§ EXERCISE AIM
What you submit must be an exact copy of the listing below, with no images in it.

§ INFORMATION PROVIDED

__________________________________________________

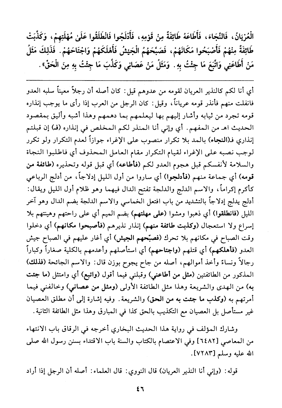 الْعُرْيَانُ، فَالنَّجَاءَ، فَأَطَاعَهُ طَائِفَةٌ مِنْ قَوْمِهِ، فَأَدْلَجُوا فَانْطَلَقُوا عَلَى مُهْلَتِهِمْ، وَكَذَّبَتْ طَائِفَةٌ مِنْهُمْ فَأَصْبَحُوا مَكَانَهُمْ، فَصَبَّحَهُمُ الْجَيشُ فَأَهْلَكَهُمْ وَاجْتَاحَهُمْ. فَذَلِكَ مَثَلُ مَنْ أَطَاعَنِي وَاتَّبَعَ مَا جِئْتُ بِهِ. وَمَثَلُ مَنْ عَصَاني وَكَذَّبَ مَا جِئْتُ بِهِ مِنَ الْحَقِّ"
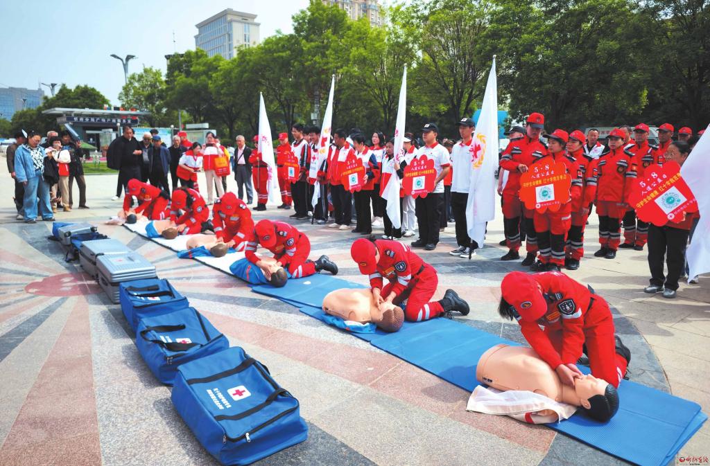 5月8日,忻州市紅十字會在忻州城區(qū)體育廣場舉行紀(jì)念“5·8世界紅十字日”暨“紅十字博愛周”宣傳活動。圖為救援隊員進(jìn)行救護(hù)演練。(記者 張存良攝)
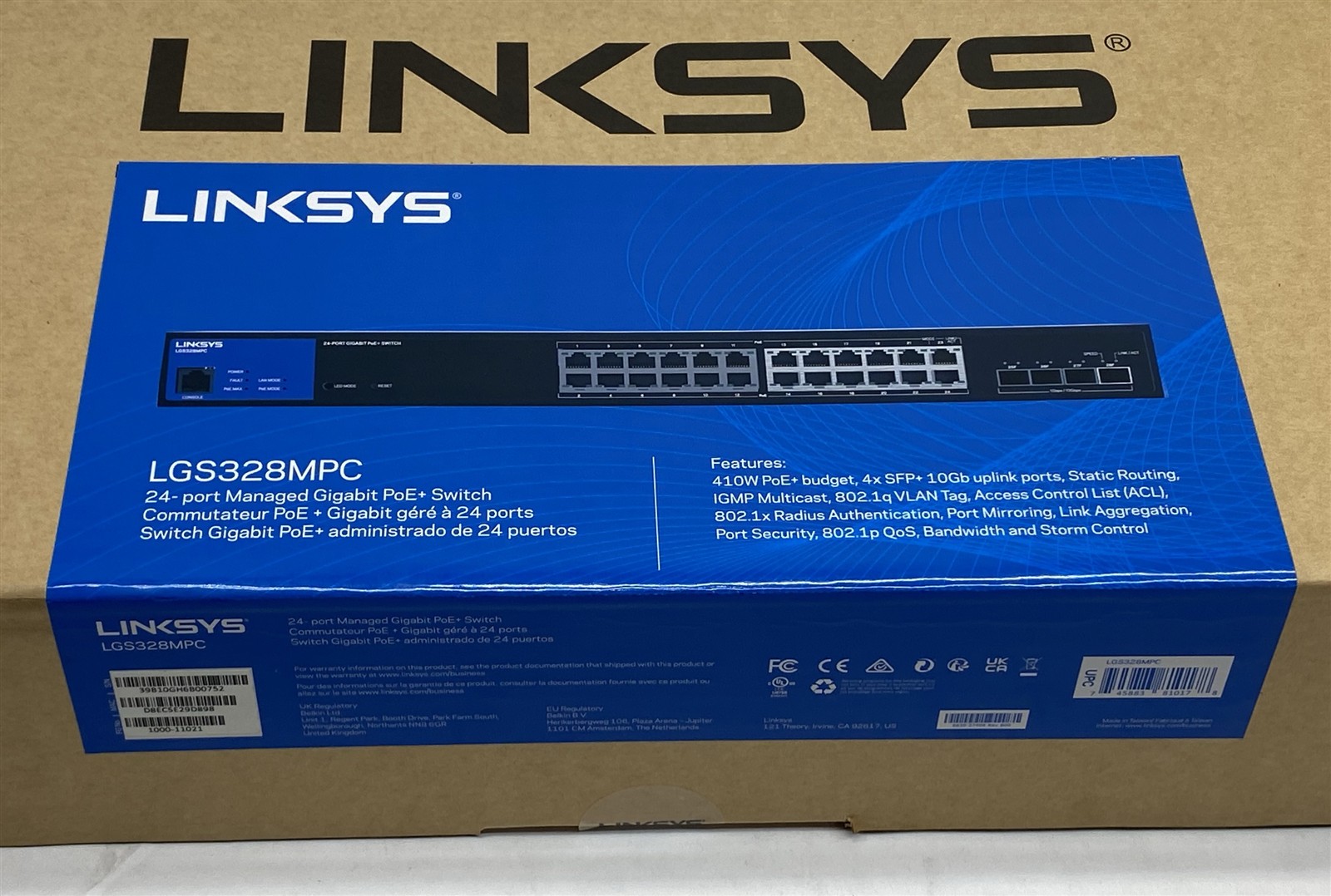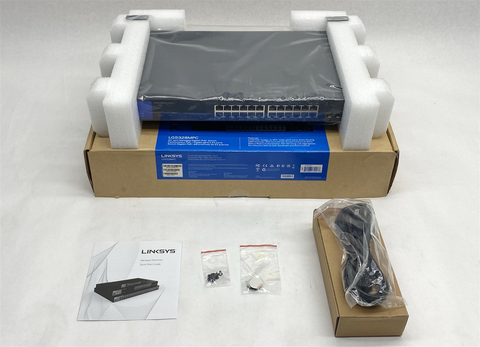 • (1) – LINKSYS LGS328MPC 24 PORT MANAGED GIGABIT ETHERNET NETWORK POE+ SWITCH NEW

__________________________________________________

§ YOUR RESPONSE
 الْعُرْيَانُ، فَالنَّجَاءَ، فَأَطَاعَهُ طَائِفَةٌ مِنْ قَوْمِهِ، فَأَدْلَجُوا فَانْطَلَقُوا عَلَى مُهْلَتِهِمْ، وَكَذَّبَتْ طَائِفَةٌ مِنْهُمْ فَأَصْبَحُوا مَكَانَهُمْ، فَصَبَّحَهُمُ الْجَيشُ فَأَهْلَكَهُمْ وَاجْتَاحَهُمْ. فَذَلِكَ مَثَلُ مَنْ أَطَاعَنِي وَاتَّبَعَ مَا جِئْتُ بِهِ. وَمَثَلُ مَنْ عَصَاني وَكَذَّبَ مَا جِئْتُ بِهِ مِنَ الْحَقِّ"
 5月8日,忻州市紅十字會在忻州城區(qū)體育廣場舉行紀(jì)念“5·8世界紅十字日”暨“紅十字博愛周”宣傳活動。圖為救援隊員進(jìn)行救護(hù)演練。(記者 張存良攝)
 • (1) – LINKSYS LGS328MPC 24 PORT MANAGED GIGABIT ETHERNET NETWORK POE+ SWITCH NEW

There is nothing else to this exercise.